Documentation and scripts provided for calculating imputation accuracy. Tested using Minimac4, Beagle, Impute5 and our deep learning based imputation tool project (in progress). Should work with any imputed VCF file that has GT or GT+DS format fields.
- samtools/bcftools: used to calculate MAFs
- python v3: source code was implemented and tested on python 3.6
pandas
numpy
cyvcf2
The following inputs, in vcf.gz format, including its respective tabix tbi file, are required to run.
- ga: genotype array file used as input for imputation
- imputed: imputation results
- wgs: ground truth file, containing experimentally determined genotypes (i.e. Whole Genome Sequencing data)
IMPORTANT PREREQUISITE: All files provided must be in vcf.gz format (compressed, tabixed).
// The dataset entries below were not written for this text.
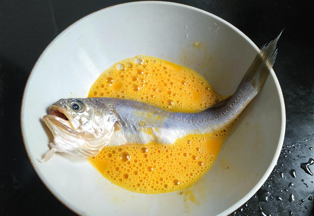 3。将小黄色的小鳄鱼放在鸡蛋液体中,粘贴鸡蛋液体,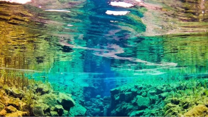 如果再下潜到 Thingvellir Lake,能见度达100米,可以随时喝一口至清至纯的冰川水。由于冰川水终年只有2至4度,如此低温是没有浮游生物的,因此,所有鱼都游到较暖的水域觅食了。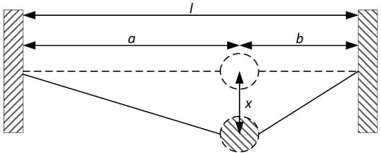 Nonlinear resonant geometries have been of particular interest for both physicists and mechanical engineers. In the case of a MEMS designer, the use of such previously characterized geometric nonlinearity will allow for the control of the nonlinear behavior of the MEMS device. Among these structures, some are particularly interesting, since they can naturally exhibit either a softening or a hardening response. The weighted string is such a system. Depending on its initial parameters, it is capable of exhibiting either spring softening or spring hardening, or even a linear response []. This system is comprised of string of a half-length with a weight of a mass m located at distance a from one anchor and b from the other anchor. x denotes the displacement of the mass. Such a system is shown in Figure 1. To analytically describe this behavior, an approximation of the governing nonlinear differential equation is given by []: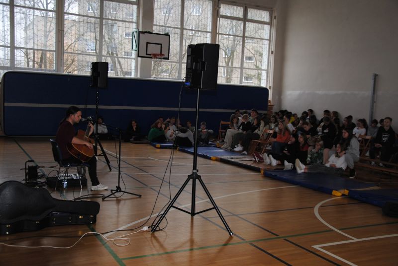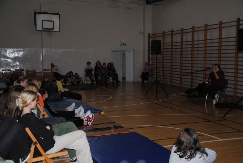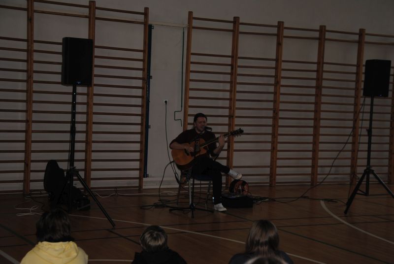 Dnia 22 listopada 2022 r. w naszej szkole po raz pierwszy realizowaliśmy Program profilaktyki uzależnień pod postacią recitalu słowno-muzycznego pt. „Wolności oddać nie umiem” w wykonaniu znanej postaci ze sceny muzycznej - Gabriela Fleszera. Podczas recitalu zostały zaprezentowane treści mające przestrzec młodych ludzi przed wchodzeniem na drogę uzależnień, które przeplecione były znanymi utworami, m.in. „Kroplą deszczu”, „Bilet do nieba”, „Kto panem, kto sługą” z akompaniamentem gitary. Artysta poruszał przykre epizody z własnego życia oraz innych znanych osób, które mają stać się przestrogą dla młodzieży, widzącej swych idoli w najjaśniejszych barwach. Muzyk opowiadał o uzależnieniach najbardziej zagrażających zdrowiu i życiu, które stają się coraz większym problemem społecznym. Nasz gość próbował uświadomić uczniom, że życie jest o wiele ciekawsze bez używek, które dają jedynie zakłamane szczęście na chwilę działania używki, a w konsekwencji niosą cierpienie, czasem nawet na długie lata. Prezentacja została wzbogacona o fakty i opinie naukowców odnośnie palenia i innych uzależnień. Występ zakończył utworem „Kocham wolność”, aby podsumować, jak cenne jest życie naprawdę wolne, zwłaszcza wolne od uzależnień. Program został sfinansowany z Gminnego Programu i Profilaktyki Przeciwdziałania Alkoholizmowi.

Alleles must match, in other words: NO SWAPS, NO FLIPS, SAME BUILD!!! It is not necessary to provide allele frequencies, since the tool will calculate it internally using bcftools.
The help shows all the required arguments listed above, plus optional arguments.
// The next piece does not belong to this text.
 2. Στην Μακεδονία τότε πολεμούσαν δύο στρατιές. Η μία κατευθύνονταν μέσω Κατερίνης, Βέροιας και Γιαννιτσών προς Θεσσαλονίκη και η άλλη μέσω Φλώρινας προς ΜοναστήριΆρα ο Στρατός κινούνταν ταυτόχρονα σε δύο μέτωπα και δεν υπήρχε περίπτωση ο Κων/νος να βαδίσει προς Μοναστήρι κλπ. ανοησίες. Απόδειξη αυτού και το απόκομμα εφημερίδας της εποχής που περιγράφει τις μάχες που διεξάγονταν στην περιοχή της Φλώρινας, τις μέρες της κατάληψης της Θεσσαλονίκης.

python3 Compare_imputation_to_WGS.py -h
usage: Compare_imputation_to_WGS.py --ga <input_genotype_array.vcf.gz> --imputed <imputed_file.vcf.gz> --wgs <whole_genome_file.vcf.gz>
Use -h or --help to display help.
arguments:
-h, --help show this help message and exit
--ga GA optional, path to genotype array file in vcf.gz format, with tbi
--wgs WGS required, path to whole genome file in vcf.gz format, with tbi
--imputed IMPUTED required, path to imputed file in vcf.gz format, with tbi
--ref REF optional, path to reference panel file in vcf.gz
format, with tbi. Used for MAF calculation. WGS file
will be used if no reference file is provided.
--max_total_rows MAX_TOTAL_ROWS
optional, maximun number of rows or variants to be loaded
simultaneously, summing all chunks loaded by all cores
--max_per_core MAX_PER_CORE
optional, maximun number of variants per chunk per core, lower
it to avoid RAM overload
--min_per_core MIN_PER_CORE
optional, minimun number of variants per chunk per core,
increase to avoid interprocess communication overload
--sout SOUT optional, output file path/name per sample, default is
the same as the imputed file with
_per_sample_results.txt suffix
--vout VOUT optional, output file path/name per variant, default is
the same as the imputed file with
_per_variant_results.txt suffix
A detailed report with accuracy ratio, F1 score, Pearson correlation (r2) is generated and wrote to the output file (i.e accuracy_result.txt)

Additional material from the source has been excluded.